*Exercise goal*.
Please reproduce the listing below exactly, leaving out every picture.

*Dataset extract*.
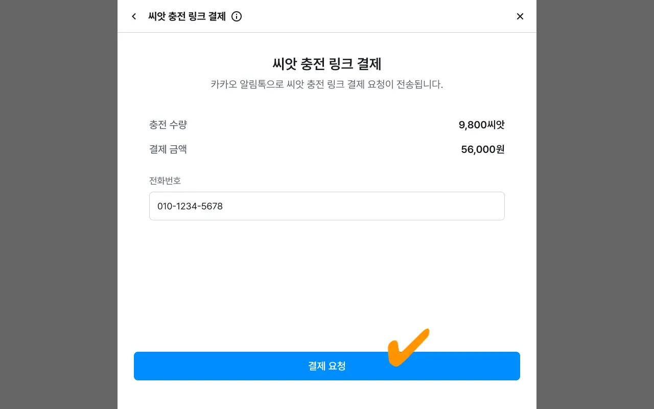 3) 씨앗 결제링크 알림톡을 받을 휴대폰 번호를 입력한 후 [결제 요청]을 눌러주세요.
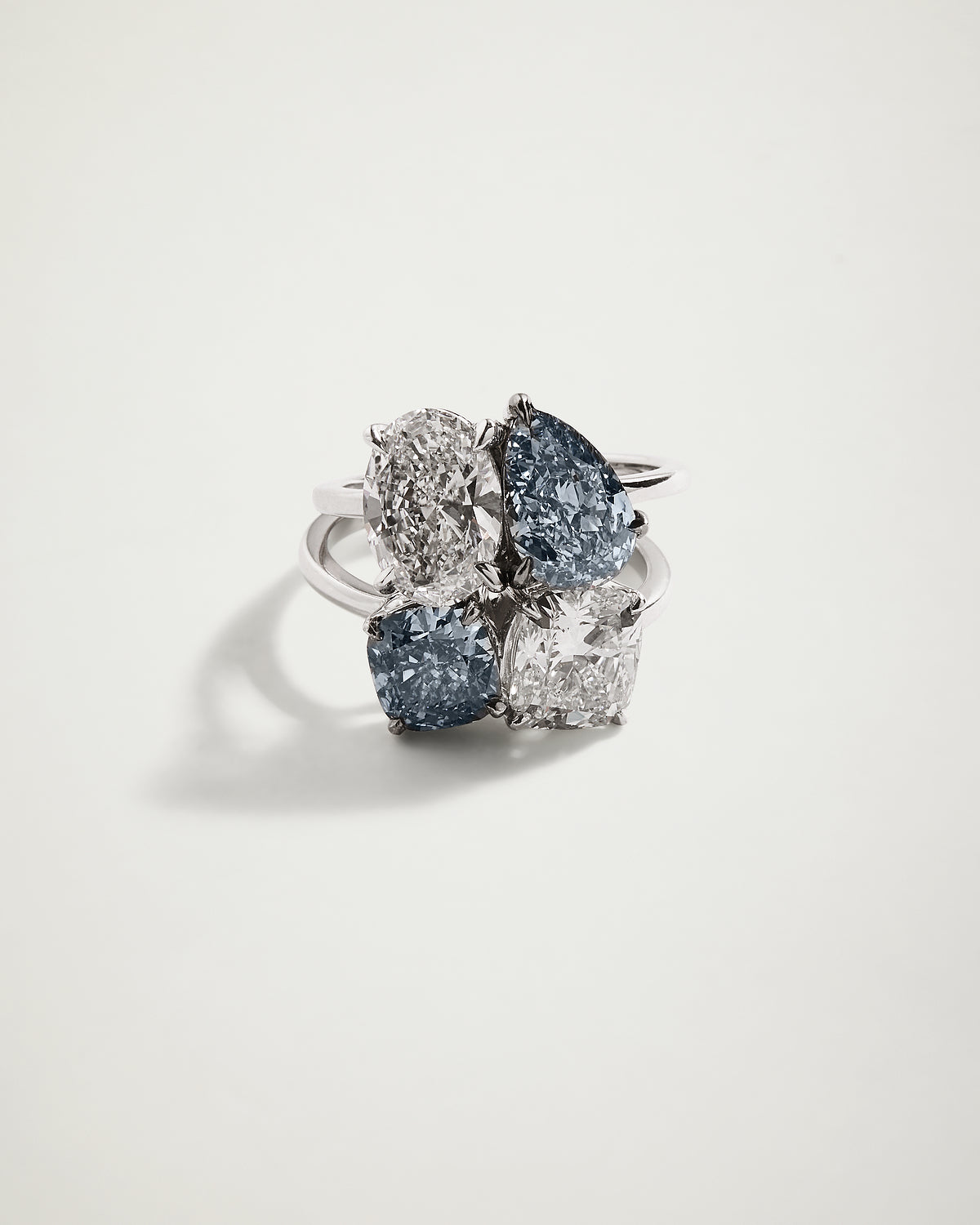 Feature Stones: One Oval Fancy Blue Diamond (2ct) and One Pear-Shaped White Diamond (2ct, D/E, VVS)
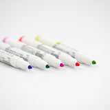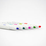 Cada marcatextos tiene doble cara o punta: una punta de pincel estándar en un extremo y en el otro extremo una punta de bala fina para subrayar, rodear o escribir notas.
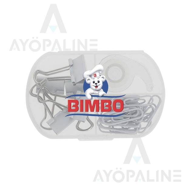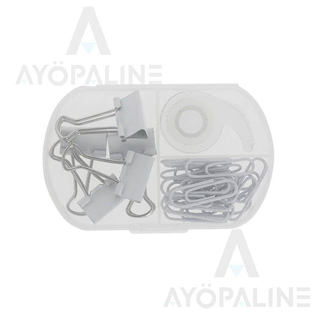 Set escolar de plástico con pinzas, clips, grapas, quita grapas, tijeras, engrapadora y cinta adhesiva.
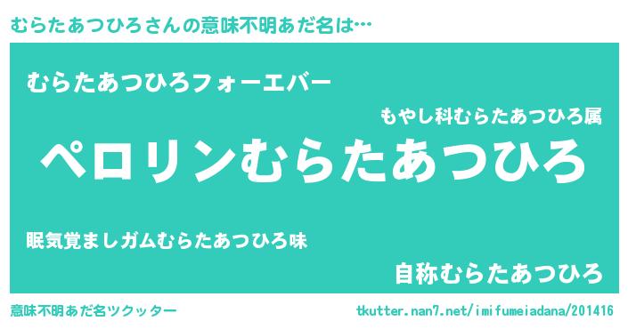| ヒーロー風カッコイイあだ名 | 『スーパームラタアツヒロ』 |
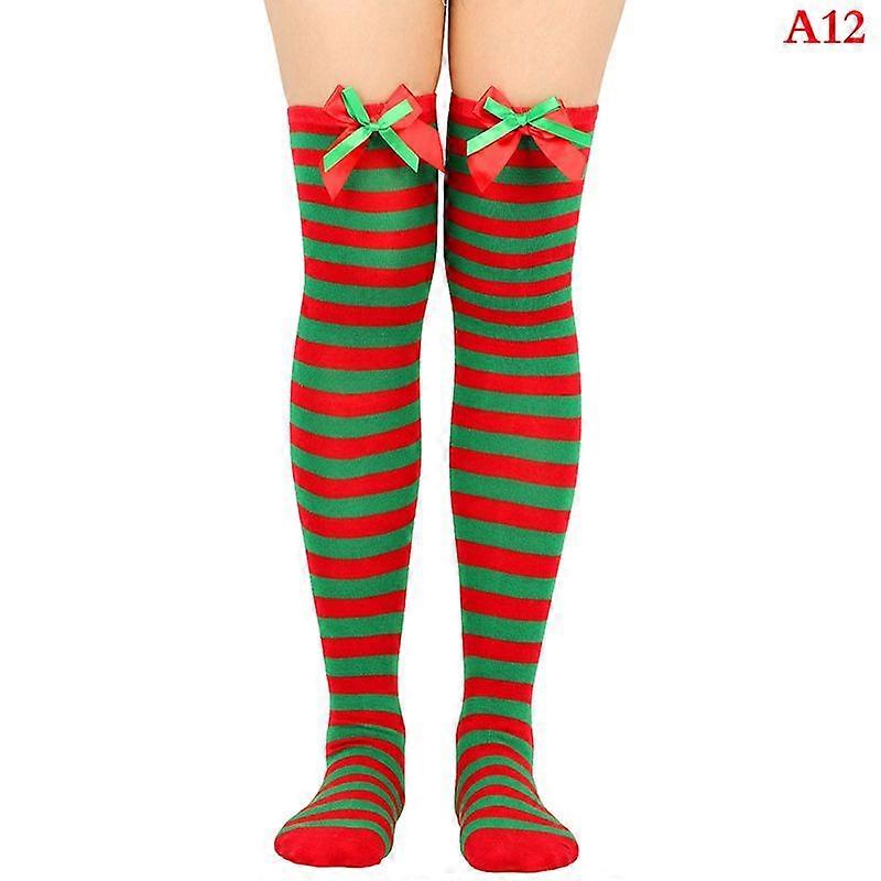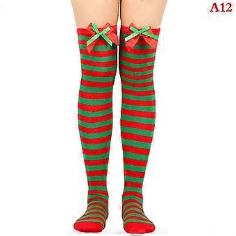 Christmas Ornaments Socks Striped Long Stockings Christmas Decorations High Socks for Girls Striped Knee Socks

*Exercise output*.
 3) 씨앗 결제링크 알림톡을 받을 휴대폰 번호를 입력한 후 [결제 요청]을 눌러주세요.
 Feature Stones: One Oval Fancy Blue Diamond (2ct) and One Pear-Shaped White Diamond (2ct, D/E, VVS)
 Cada marcatextos tiene doble cara o punta: una punta de pincel estándar en un extremo y en el otro extremo una punta de bala fina para subrayar, rodear o escribir notas.
 Set escolar de plástico con pinzas, clips, grapas, quita grapas, tijeras, engrapadora y cinta adhesiva.
| ヒーロー風カッコイイあだ名 | 『スーパームラタアツヒロ』 |
 Christmas Ornaments Socks Striped Long Stockings Christmas Decorations High Socks for Girls Striped Knee Socks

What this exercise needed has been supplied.